Negli ultimi due anni, l’attenzione del pubblico è stata spostata dagli smartphone agli indossabili, divenuti quasi essenziali per chi un tempo si accontentava solamente di un telefono cellulare.

Tra i tanti oggetti di spicco, come gli ultimi smartwatch o bracciali fitness intelligenti, ci sono alcuni dispositivi che meritano il primato assoluto per il livello di tecnologia proposta.
Ovviamente, tutti voi avrete sentito parlare almeno una volta dei famosi Google Glass, nati grazie al progetto Explorer di Google.

 

Annunciato nel 2012, attraverso un comunicato della società, il Project Explorer sembrava esser quasi utopistico, soprattutto per chi è cresciuto tra film di fantascienza futuristica o cartoni animati. Eppure, non vi è limite al progresso né confine tra ciò che può essere immaginato e ciò che può esser reso concreto e Google non smette mai di segnare dei primati in questo senso.

E’ così che il mondo intero ha potuto mettere le mani sui primi occhiali intelligenti. Design invidiabile, funzionalità particolari, ergonomia incredibile. Pare che non manchi proprio nulla ai Glass, perfezionati durante gli anni grazie ai feed dei pochi fortunati che hanno potuto partecipare al progetto.

Ma partiamo dal principio. Cosa è il Project Explorer? Google ha dato la possibilità a pochi fortunati degli Stati Uniti d’America, di potersi iscrivere al progetto degli occhiali, versando la modica cifra di 1500 dollari. Il premio? Ottenere un paio di occhiali nella versione beta, in modo da poterli testare, lasciare feed e recensire il prodotto.

Gli occhiali sono stati presentati dapprima in un unico modello (prototipo), con cornice classica e sobria, per poi esser rilasciati in varie montature  (come titanio e DVF) a loro volta divisibili in tanti colori. Attualmente si possono trovare ben 40 diversi tipi di occhiali.

Inizialmente, anche a livello software, i Glass presentavano parecchie limitazioni, ma nel contempo anche certe funzionalità incredibili come il riconoscimento vocale, la capacità di riconoscere le persone (se riprese dalla fotocamera), navigazione facilitata attraverso Google Maps e scambio d’informazioni tra utente e digital assistant per via di comandi vocali. Poi, nel corso dei mesi, è divenuto sempre più chiaro l’utilizzo degli occhiali, anche grazie alla raccolta di video messa a disposizione dai partecipanti al progetto.

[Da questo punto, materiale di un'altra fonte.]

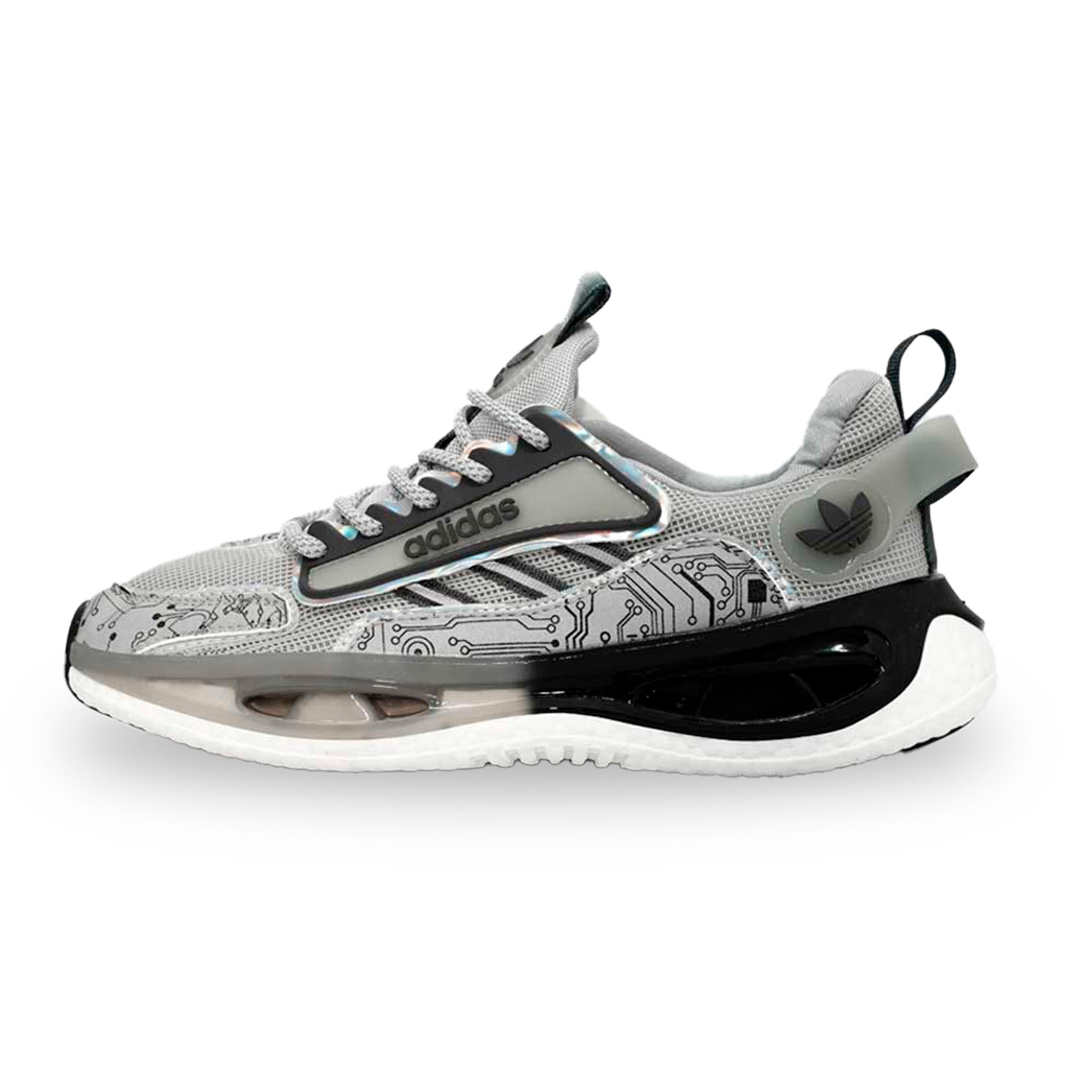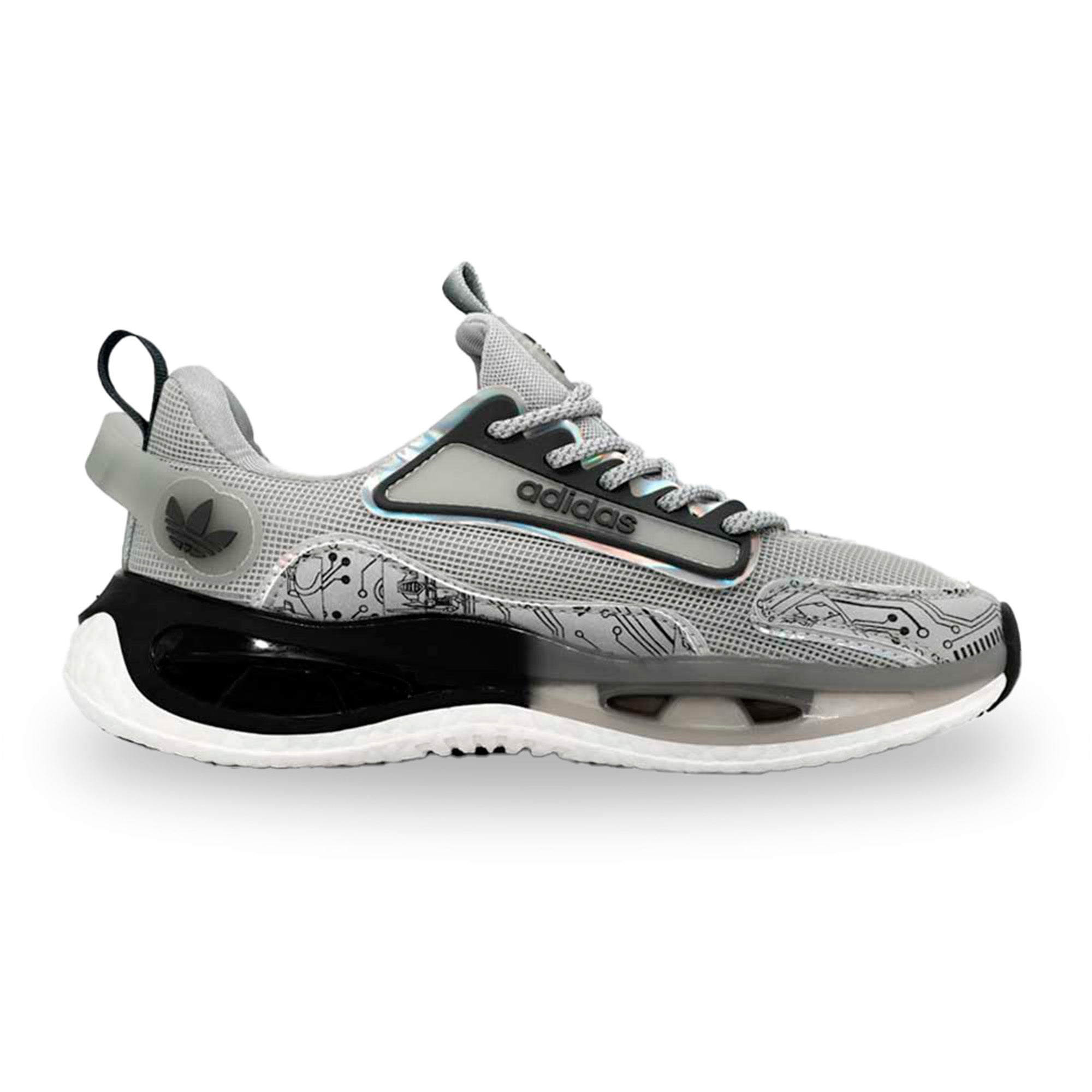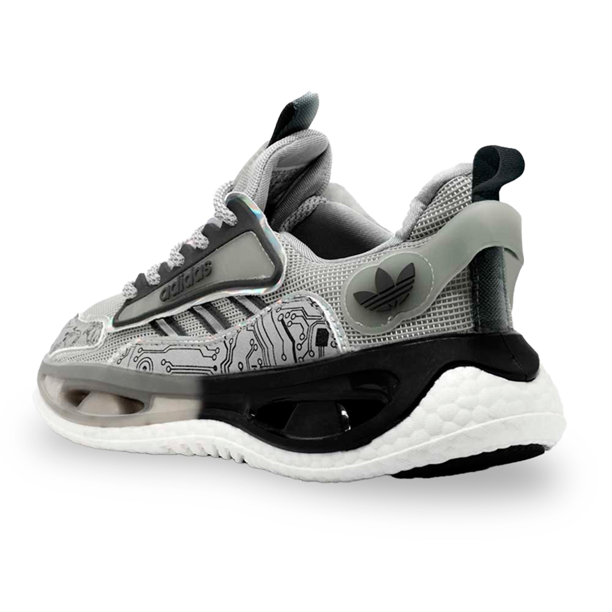 Malla gris de alta resistencia, transpirable y con refuerzo en talón y laterales. Detalles negros en contraste y líneas tipo “chip electrónico” que le dan un look de ciencia ficción.

In questo video, ad esempio, possiamo goderci l’esperienza di Sabita Malla che ci mostra l’utilizzo dei Google Glass per monitorare i rinoceronti in Nepal.

Questo filmato è uno dei tanti pubblicati, dalla stessa società, in una pagina dedicata all’esperienza Glass.

Gli occhiali sono stati protagonisti anche di parecchie polemiche: in alcuni stati degli USA, essi sono stati proibiti per via di una presunta violazione della privacy. Un esempio? In alcune caffetterie è stato vietato l’utilizzo dei Glass per via della fotocamera, capace di riprendere e registrare video all’insaputa degli altri clienti nei locali. Insomma, bere un caffè e registrare ciò che ti sta attorno non è proprio ben visto.

Ovviamente, oltre alle critiche, son state raccontate anche parecchie iniziative interessanti come quella del dipartimento di polizia di New York che ha deciso di partecipare al Project Explorer, comprando i prototipi per tutti i suoi agenti di polizia.
Con gli occhiali di Google sarà possibile identificare ricercati e persone con fedina penale sporca, per non parlare dell’utilità dovuta alla facile navigazione e alla comodità di indossare in viso un vero e proprio computer, lasciando le mani libere.

Durante gli anni, il progetto è cresciuto sempre più tanto che Google ha rilasciato persino le API per gli sviluppatori, interessati a creare le prime app per i Glass.
Per ora Google non ha ancora rilasciato in commercio il prodotto, che ancora resta un’esclusiva dei pochi fortunati iscritti al progetto.

https://www.youtube.com/watch?v=v1uyQZNg2vE

Cosa sta aspettando? Forse la società non è ancora soddisfatta dei risultati? Forse la tecnologia è troppo costosa per esser messa sul mercato? Considerando che oggi giorno si possono trovare smartphone anche oltre i 1000 euro, non sarebbe poi così azzardato mettere in vendita degli occhiali unici, allo stesso prezzo.

Non resta che attendere novità in merito, intanto possiamo fantasticare ed immaginarci mentre indossiamo un paio di occhiali simili e cantiamo ad un concerto.